“The universal design approach aspires to create spaces that are not just accessible or usable, but inclusive for everyone.” This is the opening line of a chapter on universal design and workplaces in the Handbook of High-Performance Workplaces.
Authors Imogen Howe and Andrew Martel remind us that disability can be temporary or permanent and at any stage of life. Complying with codes in workplace design is not that same as quality design or even adequate design. That means some people will experience barriers that prevent participation and make them feel unwelcome and second class.
Seven principles expanded
Howe and Martel turn to the seven principles of universal design and take them one step further. They should be applied to assistive technology, tools, organisational or operational decisions, as well as the physical space of the workplace. Integrating these elements into a universal design approach benefits all workers.
The authors explain how the principles of universal design have moved from the 1997 interpretation to a more contemporary one. The principles were formed primarily with the built environment in mind. Universal design thinking has evolved to embrace a broader concept of inclusion in all aspects of life.
Universal design should remain agile and flexible to respond to socio-cultural advancements. It was never meant to be one-size-fits-all as this is impossible.

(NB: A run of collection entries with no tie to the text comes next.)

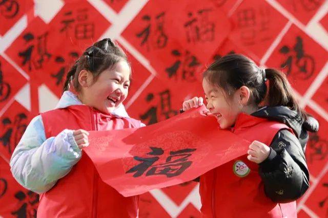 小朋友展示書法志愿者贈送的福字 李海濤 攝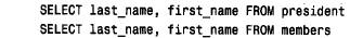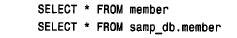 其中member 為數據庫samp_db 中的一個表。要引用一個列,有三種選擇,它們分別為:完全限定、部分限定和非限定。完全限定名(如db _ name . tbl _ name . col _ name)是完全地指定。部分限定名(如tbl_name. col _ name)引用指定表中的列。非限定名(如col _ name)引用由環境上下文給出的表中的列。下面兩個查詢使用了相同的列名,但是from 子句提供的上下文指定了從哪個表中選擇列:
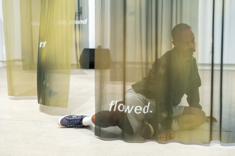 Paul Maheke’s work evokes the political dimensions of self and collective care, fragility, and sustenance. As Habits of Care curator Helena Reckitt explains, “the video diptych in Mutual Survival, Lorde’s Manifesto (2015) juxtaposes two forms of dance, both filmed in the same East London community centre. As the title suggests, the piece also pays homage to the late black feminist writer Audre Lorde. In subtitles drawn from Lorde’s writings, selfcare is described as a practice of decolonization and feminist emancipation. A subwoofer placed on the floor across from the flat-screen monitors resonates in the visitor’s own body.” Paul Makehe’s performance titled Seeking After the Fully Grown Dancer *deep within* initiates an authentic embodied dialogue with his audience. Following principles of Authentic Movement—including closing his eyes, engaging in mindfulness, and trying to move un-self-consciously in the presence of a witness— Makehe creates a unique performance that draws authenticity from spontaneity.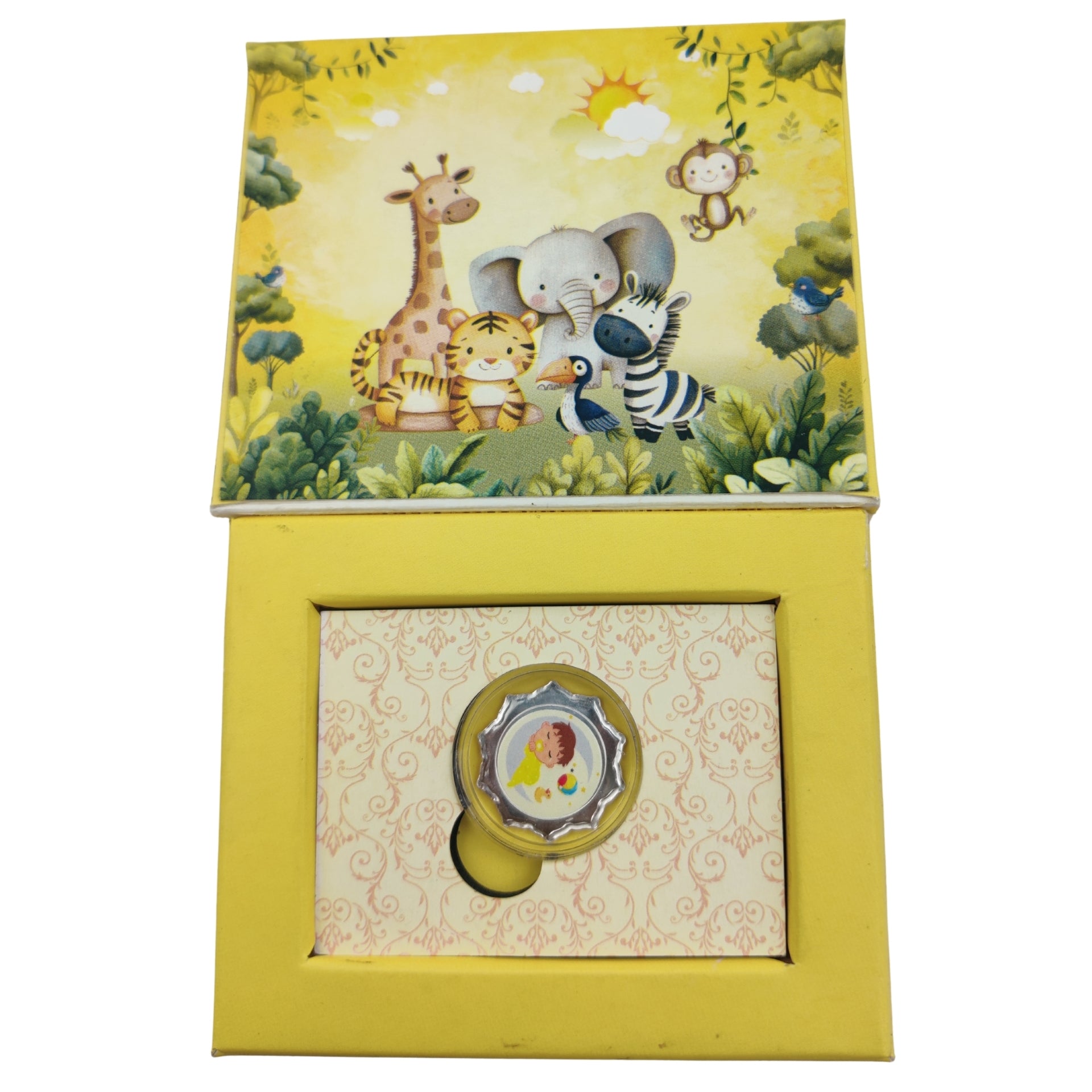 The cheerful yellow box with cute animal illustrations adds charm, while the secure inner holder keeps the silver coin safe and protected.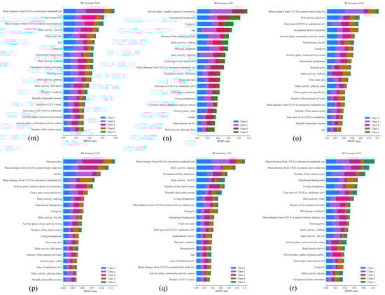 The top 10 important influencing factors in each of the 22 subcategories of demand all covered two types of characteristics, the built environment and the elderly themselves, but from the cross-sectional comparison of these subcategories, we find that with demand for travel companionship, eight factors stemmed from the built environment and only two factors from elderly people’s own attributes, which may be due to the fact that the accessibility of the built environment is highly correlated with the ease of travel for older people. On the contrary, in the five subcategories of repair and troubleshooting, community pharmacy services, rehabilitation and physiotherapy, family doctor, and educational, factors from elderly’s own attributes accounted for 7 out of 10. In addition, in 15 out of the 22 subcategories, the proportion of factors of the characteristics of CECS to the built environment was more than half, which shows again the importance of exclusive elderly resources such as in the built environment. Especially for psychological counseling, the proportions of characteristic of CECS in built environment features were 80%, and 75%, respectively, for both home care and legal assistance. These services are provided in CECSs, which suggests that elderly people who demand them should pay attention to the layout of CECSs in their areas.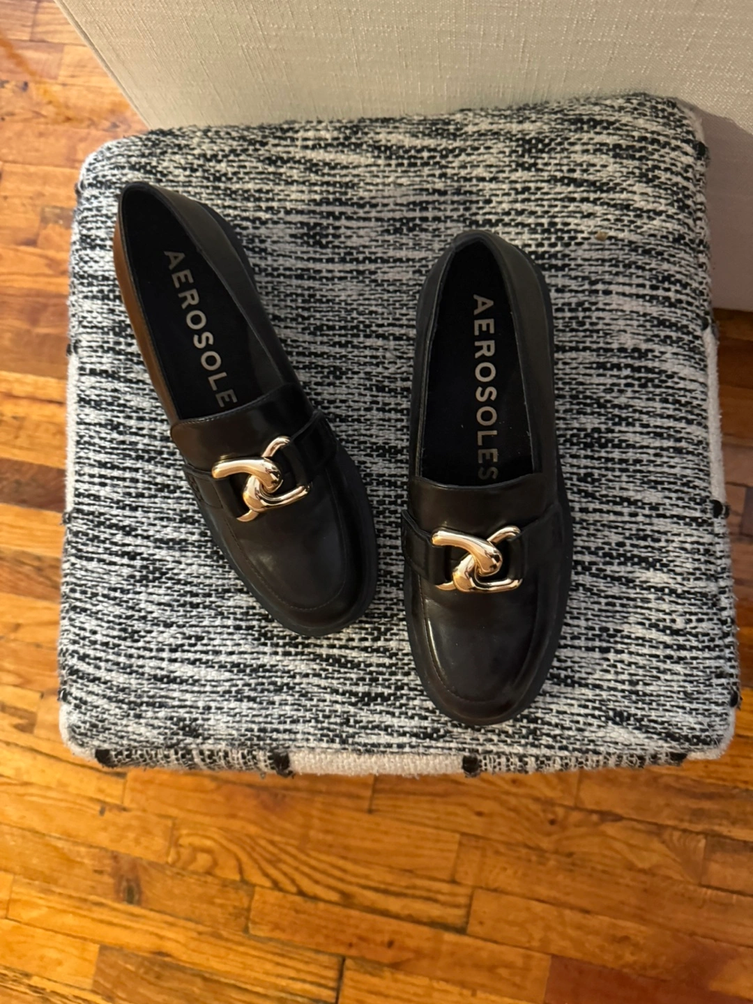 These Aerosoles loafers are a stylish and comfortable addition to any wardrobe! They feature a sleek black design with a gold chain detail. Perfect for dressing up or down!
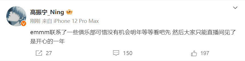首先是Ning的发文如下,他表示自己在转会期联系了一些俱乐部,但是很可惜没有什么机会,明年会继续等待,后面只能在直播间和粉丝们见面了,但是今年在UP的一年很开心。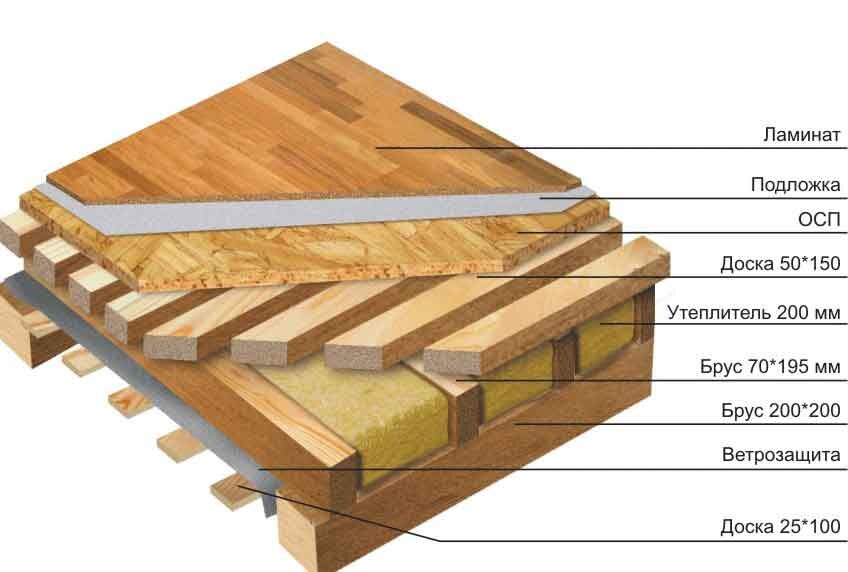 Чтобы соответствовать всем этим требованиям, перекрытия в каркасных домах сооружаются по одному и тому же принципу. В роли несущей части выступают лаги или балки из 150-й доски. Между ними укладывается теплоизоляционный материал, который закрывается со стороны жилых комнат пароизоляцией. Если конструкция одной стороной ориентирована к неотапливаемому чердаку, грунту или пространству между сваями, то она защищается от продувания и наружной влаги.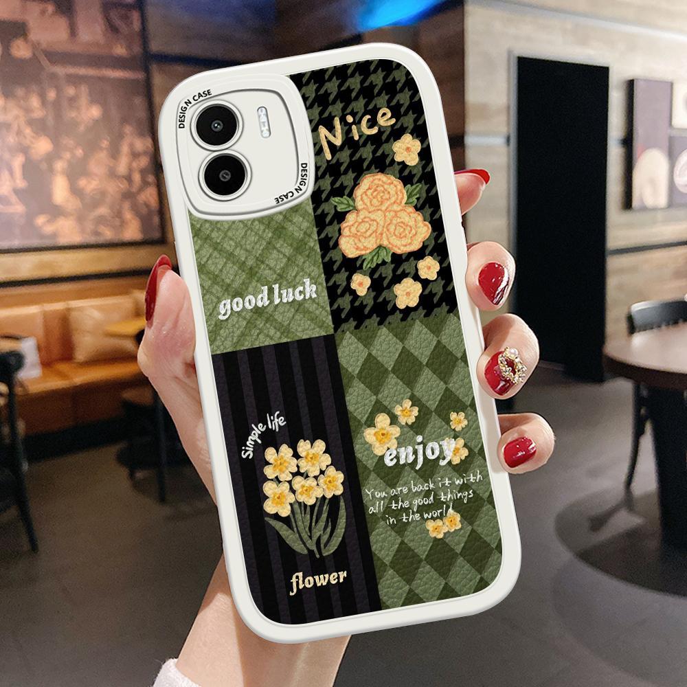 Стильный чехол для телефона из искусственной кожи с решетчатым рисунком и цветами для iPhone 15 14 13 12 Pro Max Samsung Galaxy S23 Ultra S20 FE A52 Redmi Xiaomi POCO Мягкий чехол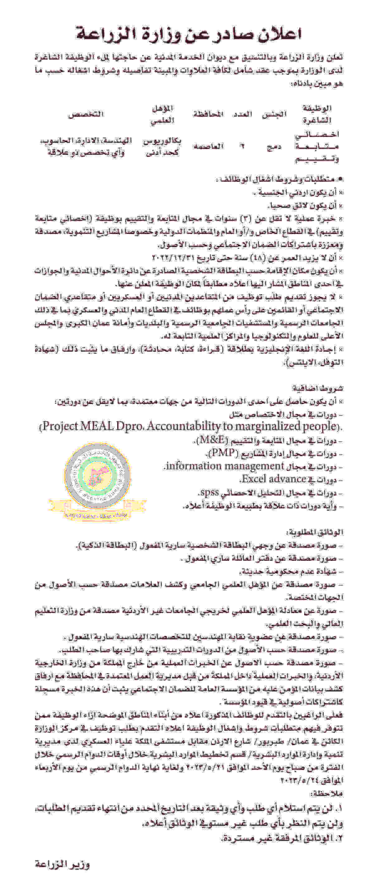 اعلان وظائف شاغرة بموجب عقد شامل لكافة العلاوات صادرعن وزارة الزراعة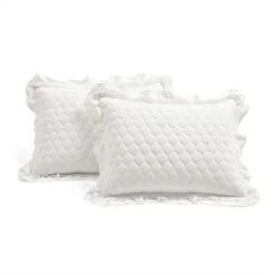 The ruffles on the quilt and the pillow shams create a whole new dimension to the bedroom. The Ella Ruffle Lace 3 Piece Quilt Set has a calming effect, adding a touch of elegance and loads of style with its frilly look on solid color. Fans of cottagecore, farmhouse and French country decor will adore this quilt set.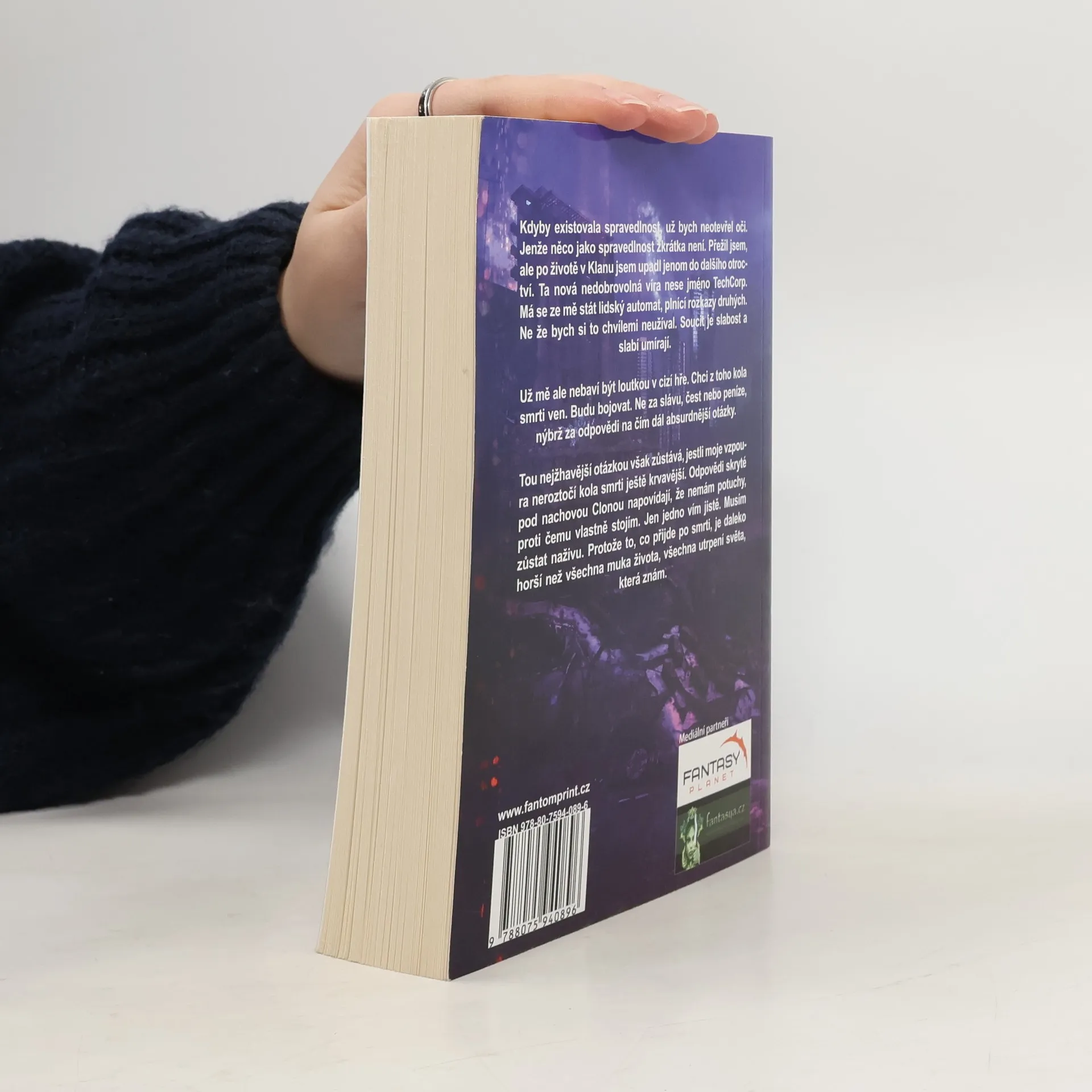Kdyby existovala spravedlnost, už bych neotevřel oči. Jenže něco jako spravedlnost zkrátka není. Přežil jsem, ale po životě v Klanu jsem upadl jenom do dalšího otroctví. Ta nová nedobrovolná víra nese jméno TechCorp. Má se ze mě stát lidský automat, plnící rozkazy druhých. Ne že bych si to chvílemi neužíval. Soucit je slabost a slabí umírají. Už mě ale nebaví být loutkou v cizí hře. Chci z toho kola smrti ven. Budu bojovat. Ne za slávu, čest nebo peníze, nýbrž za odpovědi na čím dál absurdnější otázky. Tou nejžhavější otázkou však zůstává, jestli moje vzpoura neroztočí kola smrti ještě krvavější. Odpovědi skryté pod nachovou Clonou napovídají, že nemám potuchy, proti čemu vlastně stojím. Jen jedno vím jistě. Musím zůstat naživu. Protože to, co přijde po smrti, je daleko horší než všechna muka života, všechna utrpení světa, který znám.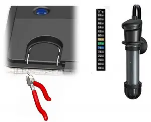 If you are adding an optional heater locate the knockout section at the back of the hood as shown below. Mount heater inside tank near to the slot.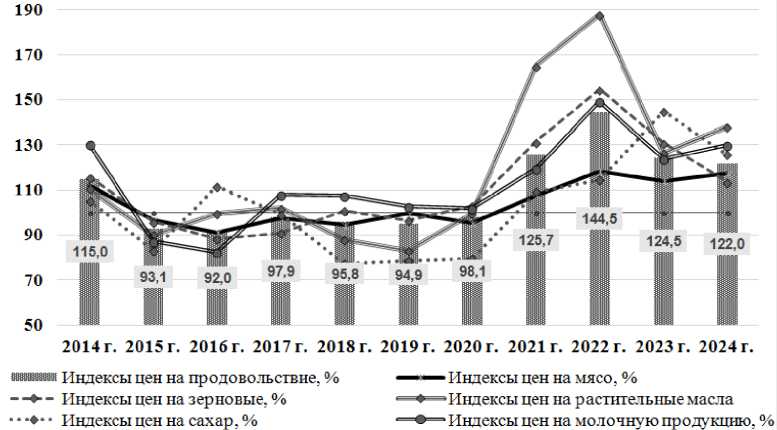 тывает цены на мясо, молочную продукцию, зерновые, растительные масла, сахар) в 2021–2024 гг. находился в диапазоне 122,0–144,4%, в том числе на мясо 107,5–118,3%, молочные продукты 119,6– 149,5%, растительные масла 126,3–187,8%, зерновые 113,5–154,7%, сахар 109,3–145,0%. В 2024 г. отмечается понижение сводного индекса цен (-2,5 п.п.), что было обусловлено снижением индексов цен на зерновые и на сахар при одновременном росте индексов цен на мясо, растительные масла, молочную продукцию.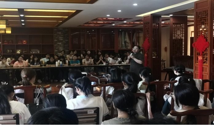 为了传承和弘扬中华优秀传统文化,提高同学们的审美情趣和文化素养,我院国际中文教育硕士点行业导师——南宁市芳君默茶工作室创始人、国家一级高级茶艺技师、国家一级高级评茶师刘芳教授于2024年5月31日下午在学院中华才艺馆作了“喫茶去——泡好生活里的一杯茶”的讲座,汉语国际教育专业学生到现场聆听。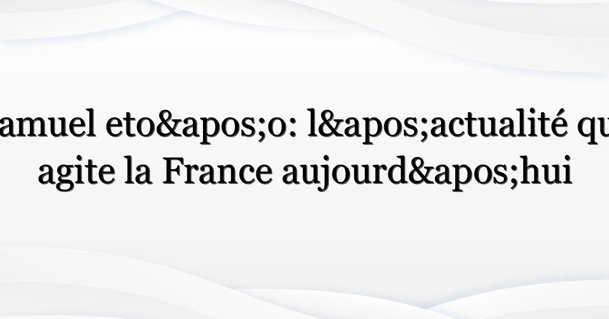 samuel eto’o est de nouveau sur toutes les lèvres en France — et pas seulement chez les fans de foot. Que ce soit une prise de parole publique, une apparition médiatique ou une implication dans une initiative locale, l’ancien buteur star suscite curiosité et débats. Maintenant, voici où ça devient intéressant: pourquoi ce regain d’attention, qui le recherche et que faut-il retenir pour les semaines à venir?
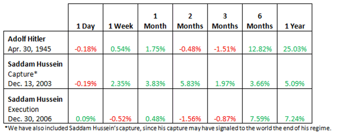 With Osama Bin Laden?s death announcement Sunday, we take a look at how the market performed following the deaths of two other infamous leaders guilty of crimes against humanity ? Adolf Hitler and Saddam Hussein.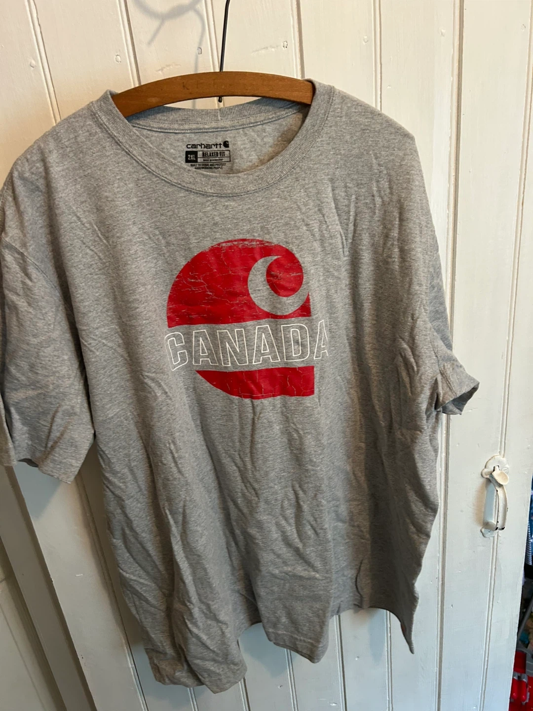 Carhartt brand. Short sleeve graphic T-shirt. Grey with red Canada logo graphic. Size men’s 2x. Brand new condition $30 Pickup between kincardine & ripley or I can arrange delivery in port Elgin-Owen sound, walkerton-Durham, wingham-listowel-kw/cambridge, goderich-bayfield, Woodstock & Arthur-Orangeville-Newmarket-Lindsay-Peterborough AREAS.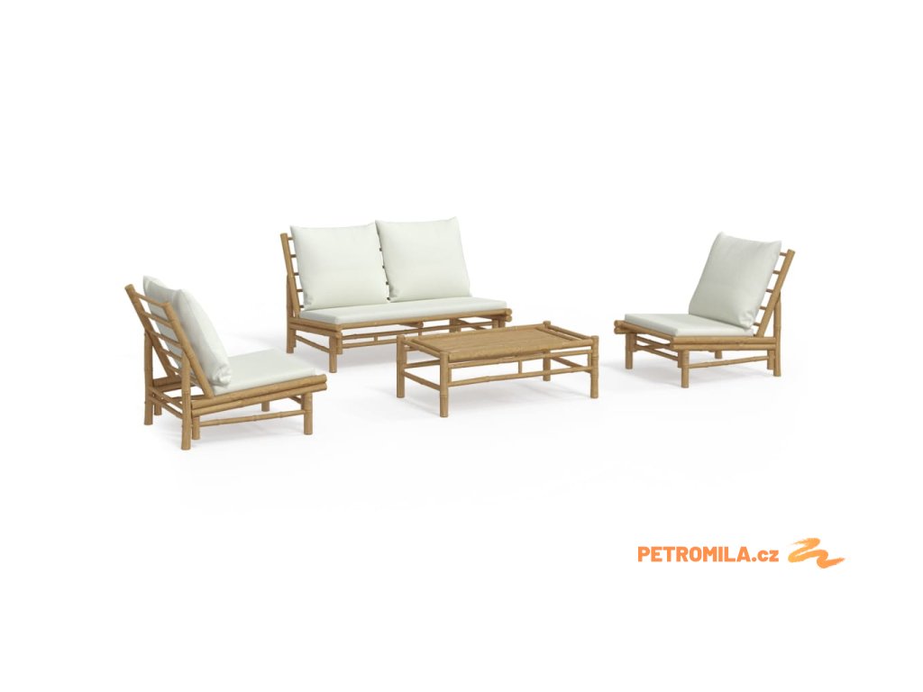 4dílná zahradní sedací souprava krémově bílé podušky bambus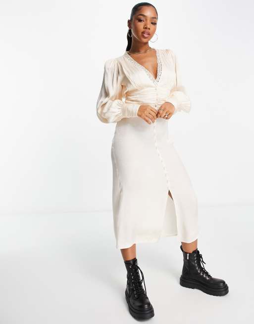 Miss Selfridge – Champagnefärgad maxiklänning med knäppning och spetsdetaljer av jacquardvävd satin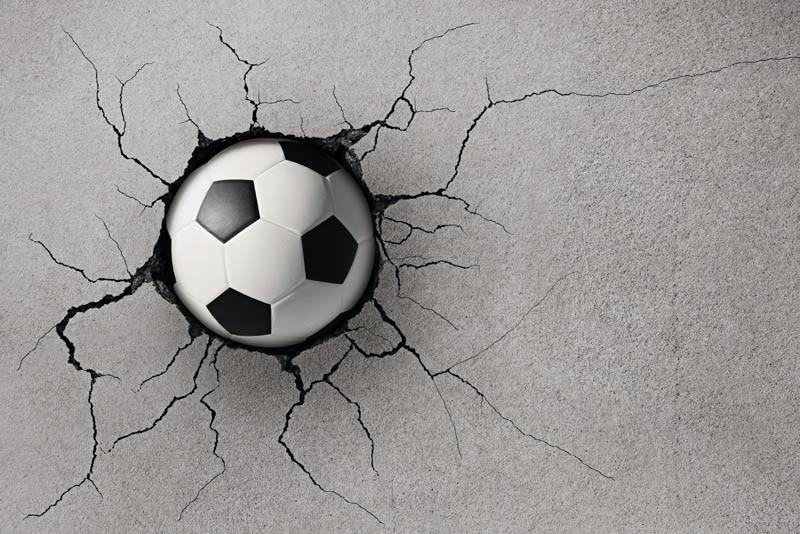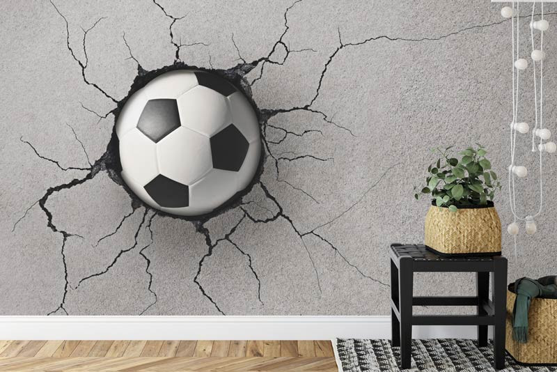 Erwecken Sie die Leidenschaft für Fußball in jedem Raum zum Leben mit unserer Fototapete Fußball in der Wand 3D. Dieses einzigartige Design erweckt die Illusion eines Fußballs, der fest in eine Betonwand eingebettet ist, und erzeugt so einen auffälligen und faszinierenden Effekt.

An inclusive society needs both mainstream and targeted individual solutions as well.
A checklist is included at the end of the chapter where each of the principles is applied to workplace situations. This is one of the difficulties of explaining universal design. On one hand it isn’t about a checklist – it’s a thinking process. But designers need something to guide them. In co-design processes with end users, checklists often become redundant. However, checklists are a good place to start for people new to the concept of designing inclusively.